Note, I opted for unsigned integers instead of signed ones because fixed-point becomes far more complicated when negatives are involved. For pre-rolls, I'm just going to offset the start of the song.

Here is my implementation of MusicalTime in code. Note I'm calling this special fraction of a beat a Tick.

Superclock Time

For sample time I'm doing something similar, but with a modulus of 282,240,000 (In other words, one unit in the fractional part is equal to exactly 1 / 282,240,000 of a second). This number is divisible by all the common sample rates 22,050, 24,000, 44,100, 48,000, 88,200, 96,000, 176,400, 192,000, 352,800, and 384,000. This allows us to change the sample rate without losing any information.

I also chose this modulus because it's also the number that Ardour uses, so perhaps that could lead to better compatibility between Meadowlark and Ardour project files.

I'm calling this special format SuperclockTime to avoid confusion with normal sample time.

Here is my implementation of SuperclockTime in code. Note I'm also calling this special fraction of a second a Tick.

Part 3: The Tempo Map

Now we need to handle automated tempo. This requires a piece-wise function where each section between automation nodes is a segment in this function. In my code, I'm calling the struct that stores the automation information for the project tempo and which does all the calculations the TempoMap.

I would give more details on how this will actually work in practice, but I haven't actually implemented it yet. I just know that it should be possible, and right now I'm focused on just getting a DAW with static tempo working before focusing on adding support for automated tempo. The TempoMap is there in my code, but right now it's just a placeholder that simply uses static tempo.
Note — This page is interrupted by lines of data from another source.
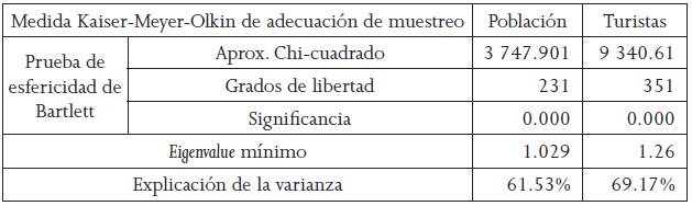 Los resultados del análisis factorial exploratorio demuestran que existen algunos factores de la competitividad de los destinos turísticos que los agentes interesados pueden percibir; también sugieren que el método funciona como procedimiento de reducción y agrupación de datos, pues la cantidad de escalas disminuyó a la mitad en el caso de la población local y a más de la mitad en los turistas, lo cual permite generar un modelo teórico más sencillo, para analizar con mayor profundidad los aspectos más relevantes del objeto de estudio.
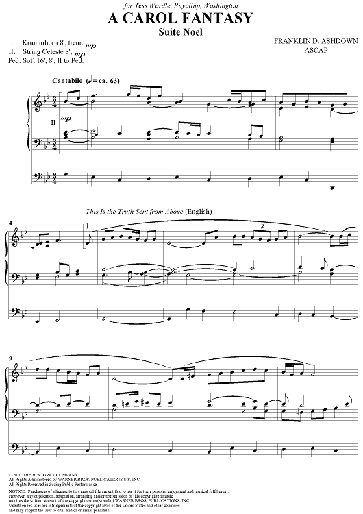 "A Carol Fantasy" Sheet Music by Franklin D. Ashdown
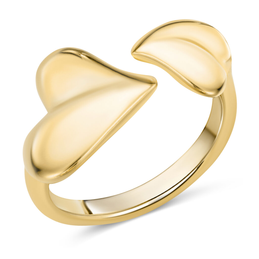 Deze opvallende “Charmin’s Goudkleurige Chunky Ring met Twee Hartjes Staal R1773” heeft twee hartjes die elkaar net niet raken, maar perfect verbonden zijn.
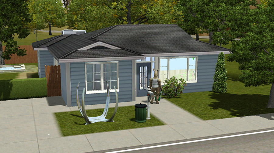 なんと……最近導入したITFのタイムポータルが、景観完全無視で家の前に。これって個人住宅に発生するんだっけ? 通常セーブで旅行系は行う予定がないので、ウェザーストーンと並び迷惑なだけの存在である。迷惑ついでにULの大学マスコットもやってきた。意外にもタイムポータルは売却可能だったが、また出現しそうな気もしたので、とりあえず家の裏なら目立たないかと庭に突っ込んでおいた。
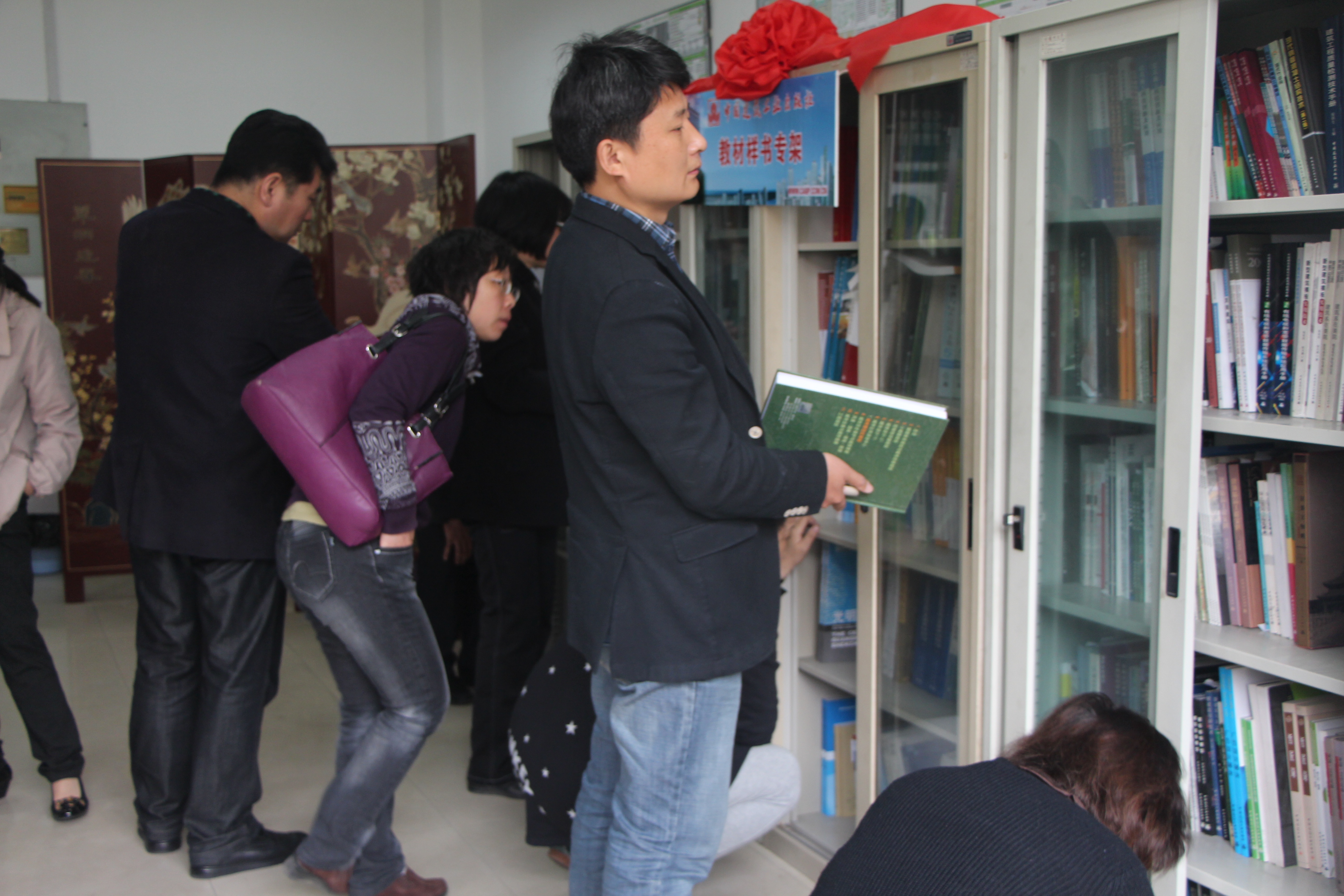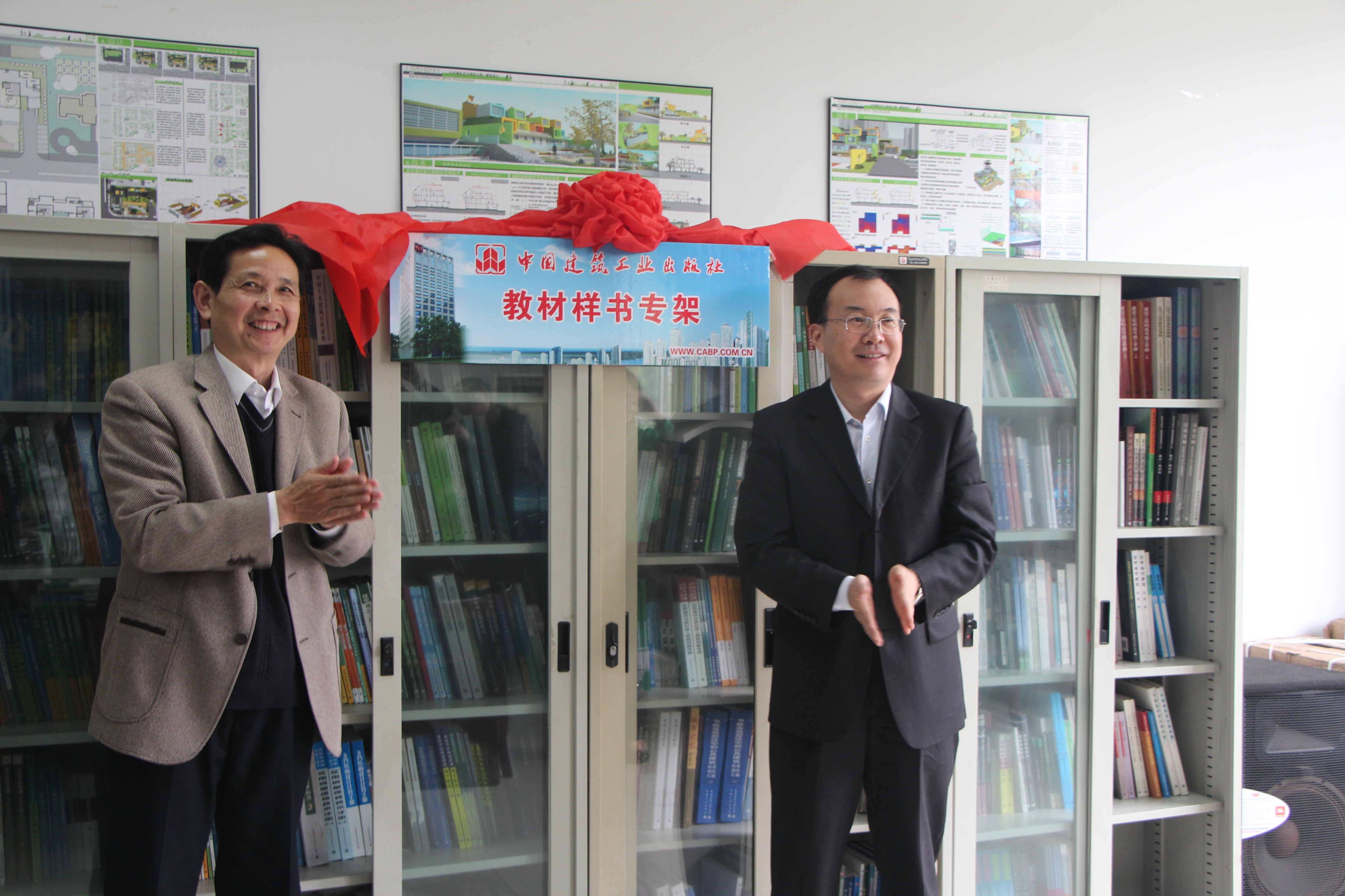 捐赠仪式上,沈社长表示,中国建筑工业出版社将在此次捐赠、设立建筑类教材专架(1300余册)的基础上,将于以后每年及时增补、替换最新出版的图书,以此来大力支持我校图书馆专业图书(电子书)建设。图书馆负责同志与沈社长共同为样书专架揭牌。
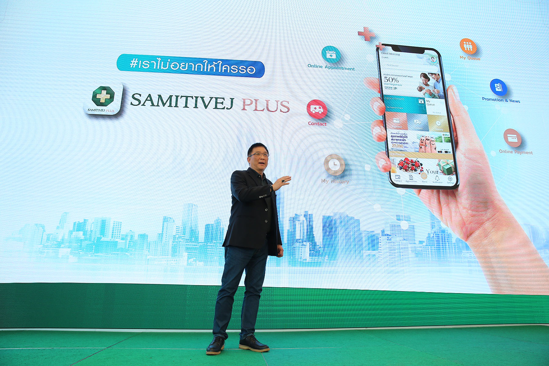 ทั้งหมดนี้แสดงให้เห็นถึงการเป็นผู้นำด้านนวัตกรรมของสมิติเวช ที่ผสานนวัตกรรมซึ่งวิเคราะห์จาก Pain Point ของผู้ใช้บริการ มารวมกันไว้ใน Smart Phone รูปแบบ Mobile Health ภายใต้คอนเซปต์ #เราไม่อยากให้ใครห่วง ![]()
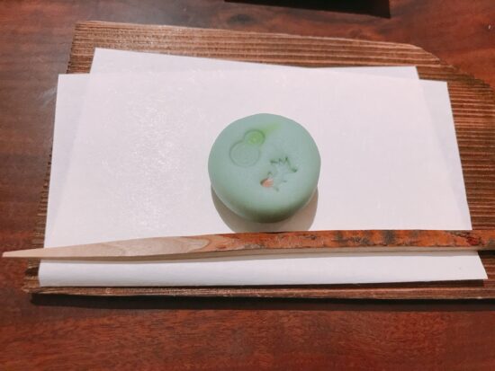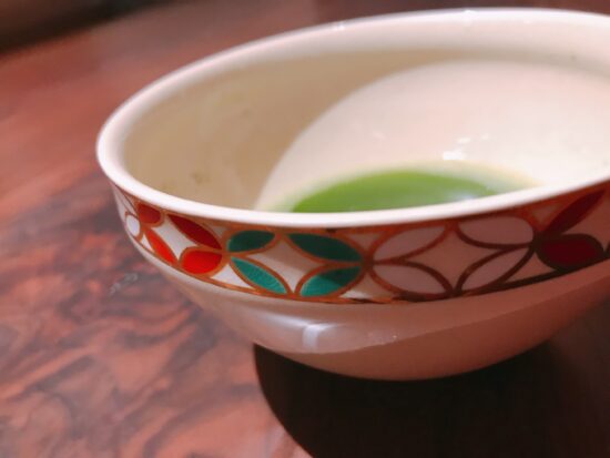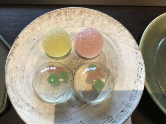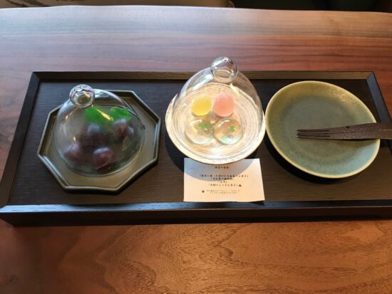 お庭に面したロビーへ案内され、トレイにセットされた冷たい緑茶とお上品なラムネをいただきながら、チェックインができます。
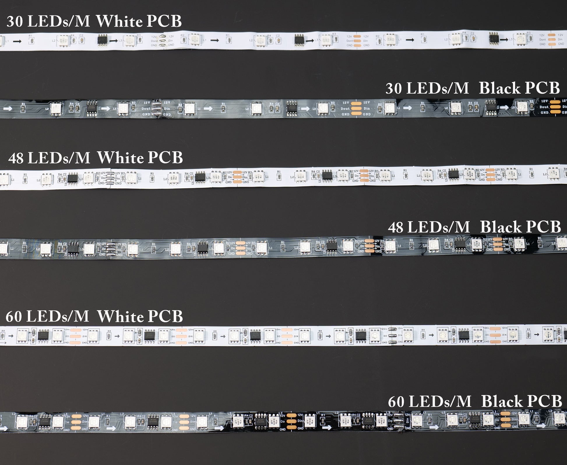 | LED Density & Matching | - 30 LEDs/M (10 ICs/M, 9W/M) - 48 LEDs/M (16 ICs/M, 14.4W/M) - 60 LEDs/M (20 ICs/M, 18W/M) - 96 LEDs/M (32 ICs/M, 28.8W/M) |
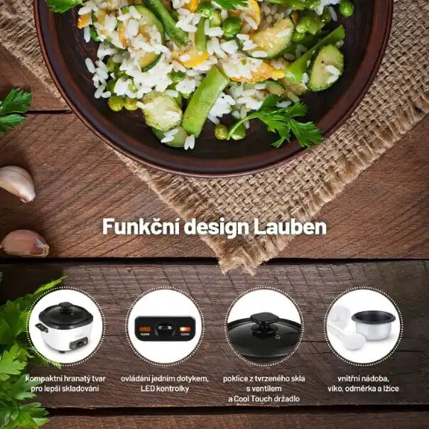 Uvařit vláčnou a nadýchanou rýži je často mnohem těžší, než by se mohlo zdát. S rýžovarem Lauben je to ale stejně jednoduché, jako si tuto oblíbenou přílohu vychutnat. Jeho využití je všestranné, připravíte v něm jakýkoli druh rýže přesně al dente, stisknutím jednoho tlačítka. Ale poradí si i s jinými surovinami. Během několika minut za vás zvládne lahodné polévky, krémovou cereální kaši nebo luštěniny bohaté na bílkoviny. Samozřejmostí je funkce Keep warm, díky které je rýžovar schopný udržet rýži teplou tak dlouho, jak potřebujete, aniž by se rozvařila a ztratila dokonalou chuť nebo strukturu.

However, I do know that the final implementation will probably employ some kind of binary search or binary tree to help speed up calculations. Once I have implemented it I might make an article about it.

What I can say is how this tempo map will be used by the rest of my code. Every time the tempo map is changed (i.e. when the user changes the static tempo or adds/removes/moves and automation node in the tempo automation lane), the tempo map converts every single event in the project from our special format to its corresponding time in samples, and then it sends the result to the audio thread.

While not the most efficient way to do things, it is the easiest and least error-prone. Doing it this way also follows our "source of truth" philosophy where conversions only ever happen from the source of truth formats to the other formats. Plus, changing the BPM in a project is a fairly rare operation in the full production lifecycle, so I don't think having performance possibly chug a little bit while moving a node in the tempo automation lane is a real problem.

Oh yeah, not only am I planning on supporting automated tempo with this tempo map, but also various groove and swing parameters. (Jazz, GlitchHop, and Electro Swing fans rejoice!)